Pollution Leaves Women at Greater Risk for Heart Disease, Death

ByABC News
January 31, 2007, 5:22 PM

Jan. 31, 2007 — -- The most rigorous study of its kind to link pollution and heart disease finds women are at much greater risk of developing and dying from cardivovascular disease who live in areas with higher levels of pollution, according to the New England Journal of Medicine.

While doctors have known known air pollution can be bad for the heart, they didn't know it was this bad.

"The magnitude of the findings are substantially higher than what's been seen in prior research on long-term effects of air pollution," said Dr. Joel Kaufman at the University of Washington.

The study monitored the health of more than 65,000 post-menopausal women for up to nine years and tracked the air quality near their homes, checking the level of tiny particles spewed from cars, trucks and power plants.

Their tracked through pollution meters which are scattered in virtually every metropolitan area in the country to continously measure the amount of particles in the air, with the results compiled by the Environmental Protection Agency.
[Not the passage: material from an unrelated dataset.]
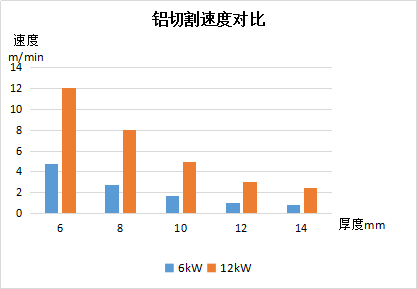 从测试的切割速度得出: 切割碳钢时,12kW激光切割的速度比6kW激光切割的切割速度快87%—493%;切割不锈钢时,12kW激光切割的速度比6kW激光切割的切割速度快163%—289%;切割铝时,12kW激光切割的速度比6kW激光切割的切割速度快150%-213%。

This latest study suggests women living in cities with the highest levels of air particles, such as Los Angeles, Atlanta and New York, were 76 percent more likely to die from a heart attack or stroke than women breathing the cleaner air of Honolulu or Tucson, Arizona.

"Not only were the effects higher in polluted cities, but within a city," Kaufman said. "The more polluted areas were places where there were higher rates of heart disease."

And these findings were consistent regardless of a woman's weight or smoking history, blood pressure or cholesterol levels.

"The particles effect the lining of the blood vessels which makes it easier for cholesterol plaque to form, and also it makes the blood stickier so clots are more likely to form," said Dr Leslie Cho of the Cleveland Clinic.

Air particles are harmful to both women and men, but women may be more vulnerable, in part, because they have smaller coronary arteries.

While no one is suggesting they move out of pollution "hot spots", doctors say women should focus on those heart disease risk factors they can control.